-- Opening Marker --

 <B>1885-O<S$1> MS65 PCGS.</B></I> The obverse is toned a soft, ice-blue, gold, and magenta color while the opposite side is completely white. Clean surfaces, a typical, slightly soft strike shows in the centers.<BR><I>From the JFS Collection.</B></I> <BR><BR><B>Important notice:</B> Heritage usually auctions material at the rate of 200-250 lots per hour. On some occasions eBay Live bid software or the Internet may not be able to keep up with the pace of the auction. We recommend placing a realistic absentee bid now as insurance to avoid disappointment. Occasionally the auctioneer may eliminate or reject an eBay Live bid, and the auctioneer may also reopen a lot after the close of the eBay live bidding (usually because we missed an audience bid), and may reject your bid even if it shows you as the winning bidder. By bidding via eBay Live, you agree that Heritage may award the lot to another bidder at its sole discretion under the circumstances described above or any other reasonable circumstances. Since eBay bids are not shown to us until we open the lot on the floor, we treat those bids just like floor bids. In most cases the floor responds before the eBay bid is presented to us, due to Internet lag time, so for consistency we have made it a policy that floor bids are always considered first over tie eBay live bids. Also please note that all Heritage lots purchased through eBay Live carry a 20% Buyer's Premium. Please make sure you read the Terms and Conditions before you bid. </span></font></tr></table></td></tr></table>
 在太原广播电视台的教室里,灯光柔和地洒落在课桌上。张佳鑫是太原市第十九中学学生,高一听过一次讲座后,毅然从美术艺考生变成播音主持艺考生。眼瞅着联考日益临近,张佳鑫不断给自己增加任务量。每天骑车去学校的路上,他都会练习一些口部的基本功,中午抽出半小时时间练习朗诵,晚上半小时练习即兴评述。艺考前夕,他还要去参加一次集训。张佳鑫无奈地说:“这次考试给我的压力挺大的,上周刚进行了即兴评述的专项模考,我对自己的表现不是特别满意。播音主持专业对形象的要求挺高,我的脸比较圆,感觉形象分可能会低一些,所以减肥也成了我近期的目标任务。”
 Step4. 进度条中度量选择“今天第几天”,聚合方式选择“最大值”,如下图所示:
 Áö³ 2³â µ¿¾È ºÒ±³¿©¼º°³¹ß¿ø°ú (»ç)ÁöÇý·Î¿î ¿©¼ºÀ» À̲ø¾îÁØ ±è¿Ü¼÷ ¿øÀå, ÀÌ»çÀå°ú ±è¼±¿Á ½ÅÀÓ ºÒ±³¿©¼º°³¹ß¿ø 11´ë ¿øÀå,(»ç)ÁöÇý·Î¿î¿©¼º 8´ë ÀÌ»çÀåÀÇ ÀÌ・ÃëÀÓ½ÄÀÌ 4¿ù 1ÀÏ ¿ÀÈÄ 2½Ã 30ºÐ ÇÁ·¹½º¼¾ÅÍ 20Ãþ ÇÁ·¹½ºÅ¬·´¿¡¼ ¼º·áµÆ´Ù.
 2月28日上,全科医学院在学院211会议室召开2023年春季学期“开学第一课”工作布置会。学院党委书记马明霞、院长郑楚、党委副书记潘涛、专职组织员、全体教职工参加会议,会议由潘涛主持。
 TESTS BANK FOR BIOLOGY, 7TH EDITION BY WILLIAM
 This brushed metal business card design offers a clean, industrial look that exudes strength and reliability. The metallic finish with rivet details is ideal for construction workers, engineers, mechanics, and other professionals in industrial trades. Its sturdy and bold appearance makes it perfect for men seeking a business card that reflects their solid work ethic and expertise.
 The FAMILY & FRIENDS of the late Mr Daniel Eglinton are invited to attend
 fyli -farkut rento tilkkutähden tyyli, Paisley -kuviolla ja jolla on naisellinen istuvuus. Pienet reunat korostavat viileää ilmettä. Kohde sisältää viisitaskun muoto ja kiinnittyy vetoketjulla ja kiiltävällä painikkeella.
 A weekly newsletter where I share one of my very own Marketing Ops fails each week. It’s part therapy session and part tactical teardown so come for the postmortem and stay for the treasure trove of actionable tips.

-- Closing Marker --

## Assigned task
Proceeding from the line containing "Step4. 进度条中度量选" through the line containing "Áö³ 2³â µ¿¾È", transcribe the lines above exactly, both end lines included.

## Result of this exercise
 Step4. 进度条中度量选择“今天第几天”,聚合方式选择“最大值”,如下图所示:
 Áö³ 2³â µ¿¾È ºÒ±³¿©¼º°³¹ß¿ø°ú (»ç)ÁöÇý·Î¿î ¿©¼ºÀ» À̲ø¾îÁØ ±è¿Ü¼÷ ¿øÀå, ÀÌ»çÀå°ú ±è¼±¿Á ½ÅÀÓ ºÒ±³¿©¼º°³¹ß¿ø 11´ë ¿øÀå,(»ç)ÁöÇý·Î¿î¿©¼º 8´ë ÀÌ»çÀåÀÇ ÀÌ・ÃëÀÓ½ÄÀÌ 4¿ù 1ÀÏ ¿ÀÈÄ 2½Ã 30ºÐ ÇÁ·¹½º¼¾ÅÍ 20Ãþ ÇÁ·¹½ºÅ¬·´¿¡¼ ¼º·áµÆ´Ù.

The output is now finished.